_YOUR GOAL:_ Your reply should set down word for word each line below from the one with "338期一字記曰:【察】 见微知著,明察秋毫,法眼岂容博大雾。袖手旁观,心中有数,难越雷池迈半步。 玄机测字《则》" through the final line, both included, but none of the pictures.

-=-=-

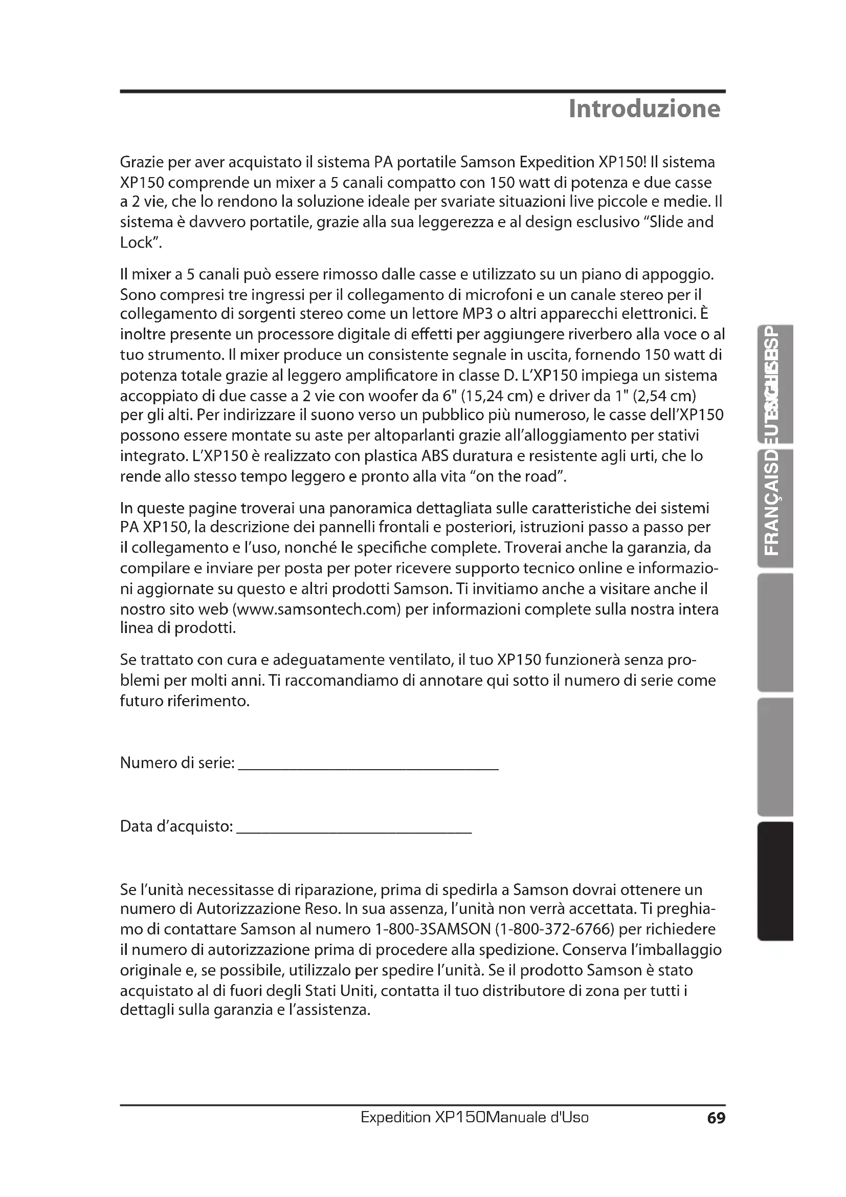 In queste pagine troverai una panoramicica dettagliata sulle caratteristiche dei sistemi PA XP150, la descrizione dei pannelli frontali e posteriori, istruzioni passo a passo per il collegamento e l'uso, nonché le specifiche complete. Troveraianche la garanzia, da compiling e inviare per posta per poter ricevere supporto technique online e informazioni aggiornate su quello e altri prodotti Samson. Ti Invitationamo anche a visitare ancile nonzero site web (www.samsontech.com) per informazioni complete sulla nostra intera linea di prodotti.
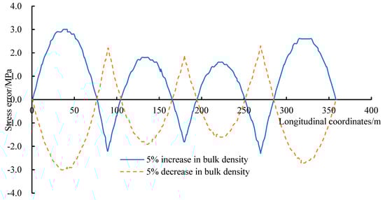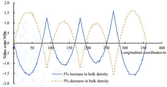 According to the calculation of a 5% error in bulk density, the variation of stress during the lifting condition of 1# and the completion condition of the bridge is calculated. A 5% error in bulk density results in a maximum error of ±1.6 MPa for the stress of top plate and an error of ±3.0 MPa for the bottom plate. The influence value of bulk density on the stress of the top and bottom plates of steel box beams is shown in Figure 13 and Figure 14.
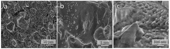 Microstructural details of gyroid scaffolds: (a) fired at 680 °C; (b) the recycled gyroid fired at 680 °C; and (c) the recycled gyroid fired at 730 °C.
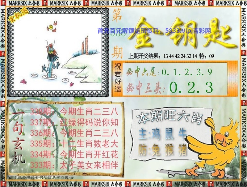 338期一字記曰:【察】 见微知著,明察秋毫,法眼岂容博大雾。袖手旁观,心中有数,难越雷池迈半步。 玄机测字《则》 解:花里双双乍归燕:花里双双解双肖虎狗马猴鼠龙。 综合取肖:虎狗马猴鼠龙 综合两波:蓝波+红波 |
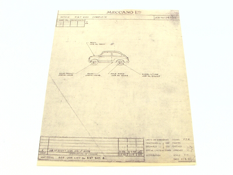 DINKY TOYS (GB) 183 Plan d'étude de la FIAT 600 du 01.03.1957
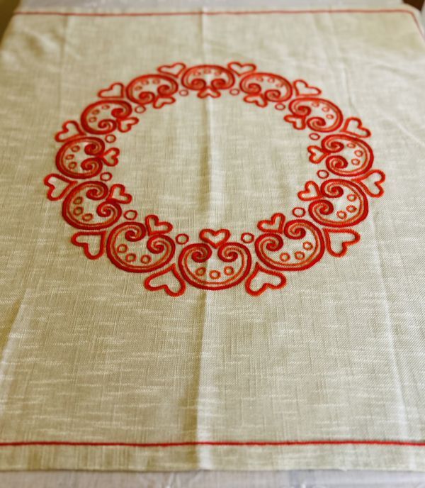 北欧クリスマス☆手刺繍 ジュート地 赤糸刺繍 テーブルクロス

-=-=-

_EXERCISE ANSWER:_
 338期一字記曰:【察】 见微知著,明察秋毫,法眼岂容博大雾。袖手旁观,心中有数,难越雷池迈半步。 玄机测字《则》 解:花里双双乍归燕:花里双双解双肖虎狗马猴鼠龙。 综合取肖:虎狗马猴鼠龙 综合两波:蓝波+红波 |
 DINKY TOYS (GB) 183 Plan d'étude de la FIAT 600 du 01.03.1957
 北欧クリスマス☆手刺繍 ジュート地 赤糸刺繍 テーブルクロス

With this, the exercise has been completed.